Alternative to Massive Jupyter Notebooks

Alternative to Massive Jupyter Notebooks

I used to have the problem of massive Jupyter notebooks. They were slow and I couldn't find what I was looking for. I was adding markdown headers and jump links... In retrospect, I was doing too much in one notebook and was not pulling out big functions into scripts.

Now I use a file structure, imported scripts, and more (smaller) notebooks. Each notebook has one job. I removed processing code from notebooks and import it from script files. This also encouraged me to refactor those big functions into more appropriately sized functions and made my code more re-usable, expandable, and debuggable.

If you're looking to make a similar workflow improvement, then this is a good opportunity to use git (or just copy your whole project file). Make a branch and just refactor all your code. Make a scripts folder and move boilerplate code into .py files (make sure to add _init_.py so the scripts can be imported).
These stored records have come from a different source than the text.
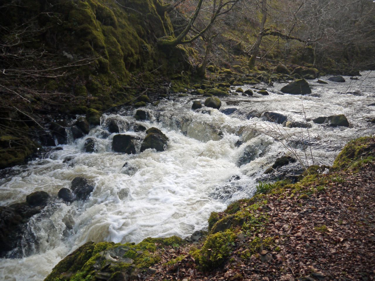 The dogs had a paddle in the river, Sweep showing himself to be more adventurous in the water than Eddie, but the water was too full for the humans to easily reach the other side. I had intended crossing the river here and walking along the forestry tracks of the far side so we needed a change of plan.
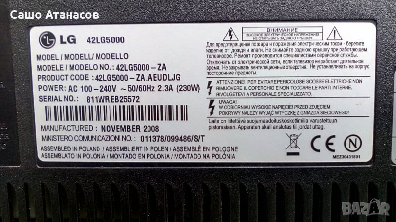 Захранване: EAY4050520 (EAX40157601 / LGP42-08H ) - 65лв.
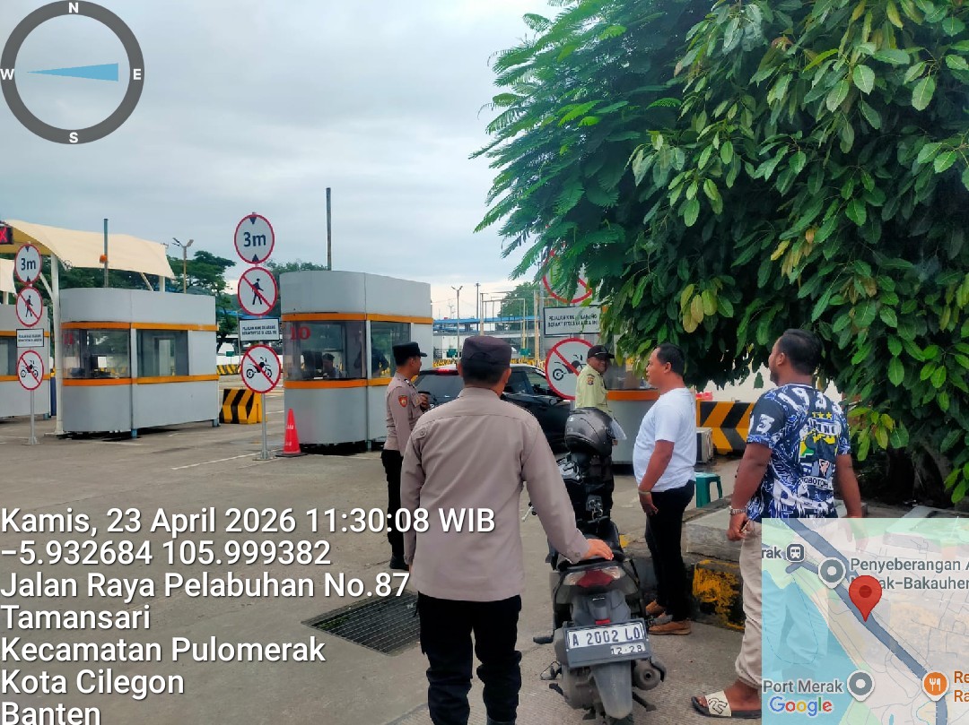 Cilegon - Personel Polsek Kskp Merak Polres Cilegon Polda Banten melaksanakan sambang dan patroli kawasan pelabuhan merak dalam rangka menjaga Harkamtibmas di Kawasan Pelabuhan Merak, Kamis (23/04/2026).

In my current practice, notebooks are for analysis and making figures. I still use notebooks to prototype and build my load, clean, transformation workflow, but once the functions are good to go, I move them to a script.

For each dataset I have a process_dataset.py file containing functions for the following tasks:

  • Load the data and return the unmodified dataset AND a dataset with selected columns.
  • Do specific column transformations that require complex conditional logic. These are essentially small functions that are applied to the dataset in the transform step.
  • Transform the data - apply specific column transformations and do basic adjustments, such as, fixing datatypes, renaming, and filtering out rows.
  • Export dataset.

Make sure to look into the autoreload magic function in Jupyter notebooks. It allows you to modify and save a script that is in another folder and imported such that it is reloaded (aka updated) in the Jupyter notebook each time you save it.

Here are a couple links about this - there is a lot on google about how to use this if you search for the Jupyter autoreload extension.

Quick implementation - put this in your import cell.

%reload_ext autoreload
%autoreload 2